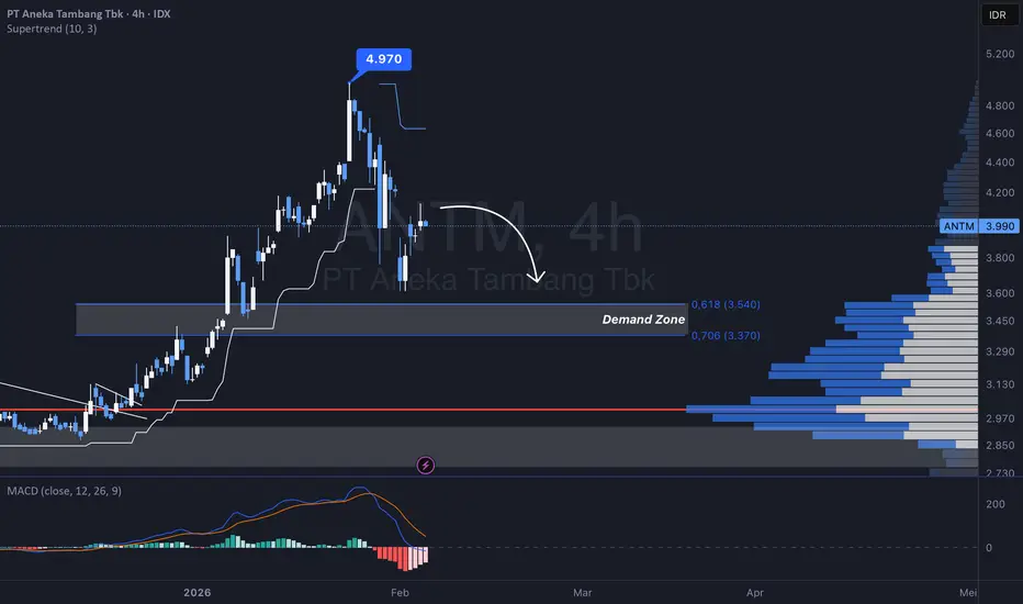 Berdasarkan chart 4 jam (4h) PT Aneka Tambang Tbk (ANTM) yang Anda lampirkan, berikut adalah interpretasi dan analisis teknikalnya secara mendalam:
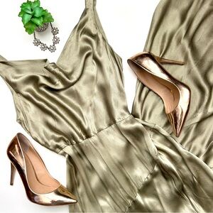 This sage green satin cowl neck maxi dress Moon Dance gown from Bec + Bridge is beautiful
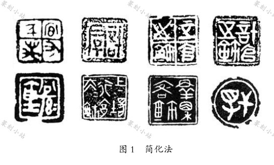 简化法。 楚玺文字简化方式多种多样, 有省略笔画、 减省偏旁、 共享同一部首等, 都是楚玺文字常用的简化法。“正官之鉨” 中的“官” 字,“宀”减省为“人”;“计官之鉨” 的“计”, 省掉了“言”上方的横画; 成语玺“宜有万千” 之“宜”, 省略了“且” 中部一画。 省略偏旁也较为常见, 楚私玺“干得” 之“得” 省掉了“彳 ”。 共享同一部首或部件的简化法颇具匠心, 楚私玺“计君子”之“君子” 采用上下合文法, 两字共一“口”;“公孙仓” 之“公孙”,上下合文, “公” 之下部构件被“孙” 之“子”部借用; 楚官玺“上场行邑大夫” 之“大夫”二字上下合文, 两字共一“大” 字。 简化法是楚系 文字在演化过程中的一种惯常用法, 楚玺之中 用得巧妙、 适当, 且不影响文字识读( 图 1)。
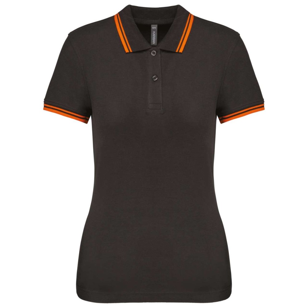 Kariban női rövidujjú galléros póló, Dark Grey/Orange

> _Brief_: The answer must be the full listing above, copied exactly, with no pictures in it.

> _Output for this task_:
 Berdasarkan chart 4 jam (4h) PT Aneka Tambang Tbk (ANTM) yang Anda lampirkan, berikut adalah interpretasi dan analisis teknikalnya secara mendalam:
 This sage green satin cowl neck maxi dress Moon Dance gown from Bec + Bridge is beautiful
 简化法。 楚玺文字简化方式多种多样, 有省略笔画、 减省偏旁、 共享同一部首等, 都是楚玺文字常用的简化法。“正官之鉨” 中的“官” 字,“宀”减省为“人”;“计官之鉨” 的“计”, 省掉了“言”上方的横画; 成语玺“宜有万千” 之“宜”, 省略了“且” 中部一画。 省略偏旁也较为常见, 楚私玺“干得” 之“得” 省掉了“彳 ”。 共享同一部首或部件的简化法颇具匠心, 楚私玺“计君子”之“君子” 采用上下合文法, 两字共一“口”;“公孙仓” 之“公孙”,上下合文, “公” 之下部构件被“孙” 之“子”部借用; 楚官玺“上场行邑大夫” 之“大夫”二字上下合文, 两字共一“大” 字。 简化法是楚系 文字在演化过程中的一种惯常用法, 楚玺之中 用得巧妙、 适当, 且不影响文字识读( 图 1)。
 Kariban női rövidujjú galléros póló, Dark Grey/Orange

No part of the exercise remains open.